I’ve been using mastodon for a month or two now. I never used twitter but thought I’d try it out for fun since I love this new fediverse experiment.

Then my mastodon instance started experiencing some downtime and I wondered what happens in this scenario. It seems if the goal is to have lots of smaller instances and decentralize social media, then instances, particularly those not run a big companies (who can reliably fund things for years on end and sell ad space on their platforms), will come and go and users will lose their identity or home base each time this happens along with all their followers and their connection to the wider social graph. This seems not great.

It seems that nostr might actually be a fix for this.

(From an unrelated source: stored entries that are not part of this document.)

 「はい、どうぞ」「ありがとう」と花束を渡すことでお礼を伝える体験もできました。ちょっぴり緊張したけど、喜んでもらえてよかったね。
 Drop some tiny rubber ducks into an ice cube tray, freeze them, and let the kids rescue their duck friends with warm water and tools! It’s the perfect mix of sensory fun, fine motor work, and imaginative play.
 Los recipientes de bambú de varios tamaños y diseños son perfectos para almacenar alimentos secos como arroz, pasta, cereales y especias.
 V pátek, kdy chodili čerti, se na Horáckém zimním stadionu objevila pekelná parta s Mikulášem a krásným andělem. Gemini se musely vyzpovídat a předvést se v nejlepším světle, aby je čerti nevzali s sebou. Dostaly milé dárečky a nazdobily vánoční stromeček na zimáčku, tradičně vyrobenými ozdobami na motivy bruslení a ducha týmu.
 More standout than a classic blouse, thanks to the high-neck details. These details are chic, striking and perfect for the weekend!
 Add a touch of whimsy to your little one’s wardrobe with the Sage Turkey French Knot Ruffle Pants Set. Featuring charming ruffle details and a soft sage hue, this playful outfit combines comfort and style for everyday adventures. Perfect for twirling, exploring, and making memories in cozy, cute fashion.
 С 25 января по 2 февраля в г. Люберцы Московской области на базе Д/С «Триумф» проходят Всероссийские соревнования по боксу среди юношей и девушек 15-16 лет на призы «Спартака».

In nostr:

  • You publish to multiple relays (essentially instances) and anybody from any relay can follow you.
  • Your messages are signed by your key so you can prove they are authentic.
  • If your relay goes down, people can still follow you via other relays
  • You can change between relays without losing your identity. Your post history and followers follow you, not yourusername@relay.com.

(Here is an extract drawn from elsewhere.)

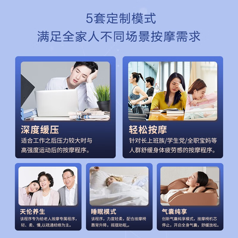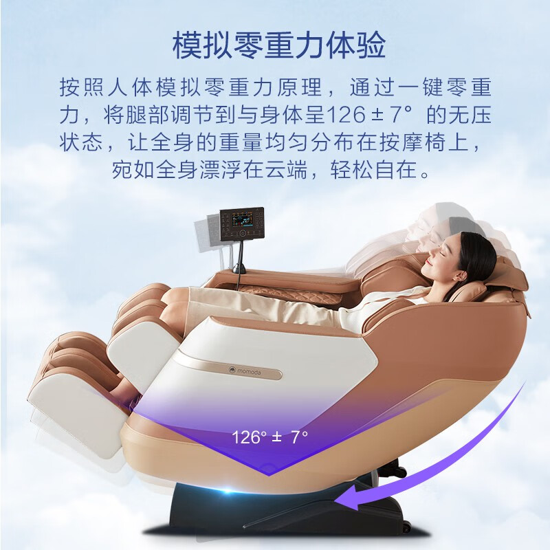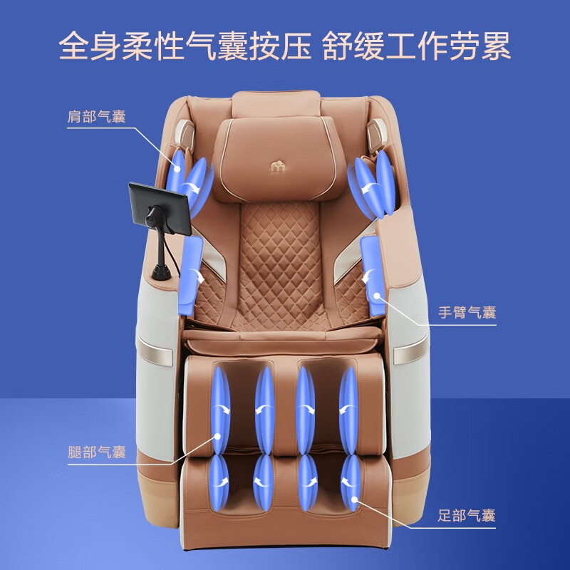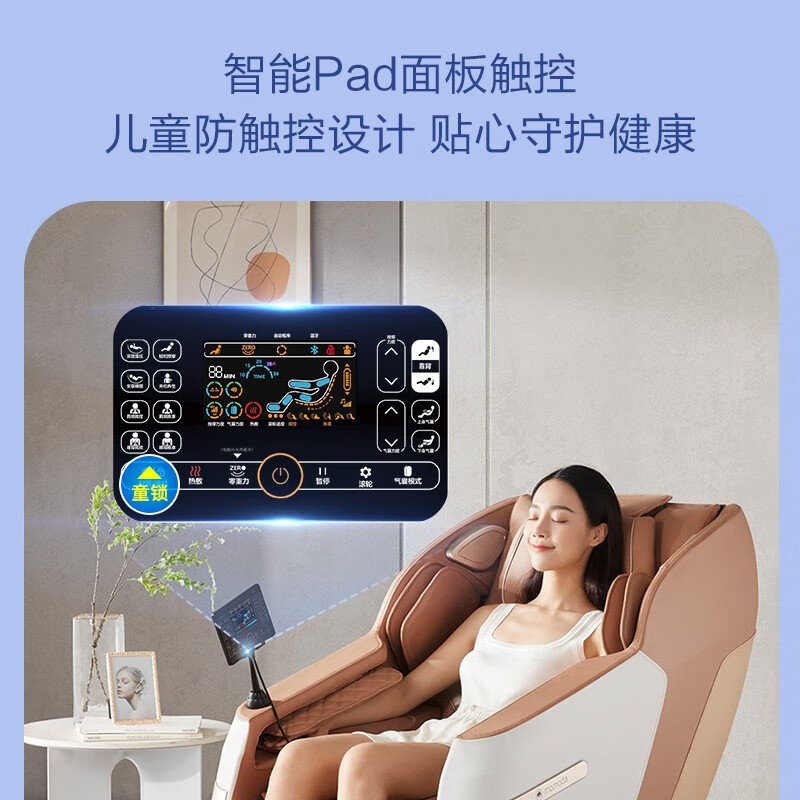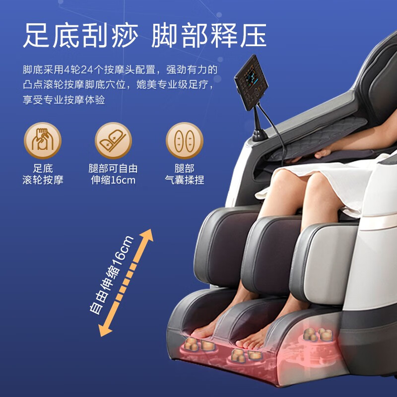 1.创新智能按摩机芯,全身22个按摩头,多部位同时按摩, 2.大尺寸平板操控更直观便捷 3.零重力太空舱 4.4套定制模式+1套气囊纯享模式 4.全身28个柔性气囊按压舒缓工作劳累,3档气压力度调节 5.腰部、腿部双重温感热敷 6.脚部采用4轮16个按摩头配置,凸点双涡轮盘按摩脚底穴位,3挡调节 7.蓝牙音乐 放松身心 8、安全童锁设计,避免儿童误触,保护家人安全 9、腿部16cm可伸缩适用不同身高

Doing some reading, it seems people’s main criticisms of nostr are:

  • Interface isn’t as pretty. Looks like this has come leaps and bounds in the past six months but of course could always use more work
  • Populated by crypto bros. This seems like not an issue long-term, there’s plenty of crypto bros on mastodon, you can just not follow them if you don’t want to see them. The idea that you can “tip” with a tweet or whatever nostr’s term for that is seems pretty interesting.

Basically, at a protocol level, nostr seems better in some important ways and the cons don’t seem protocol related but userbase and UI related.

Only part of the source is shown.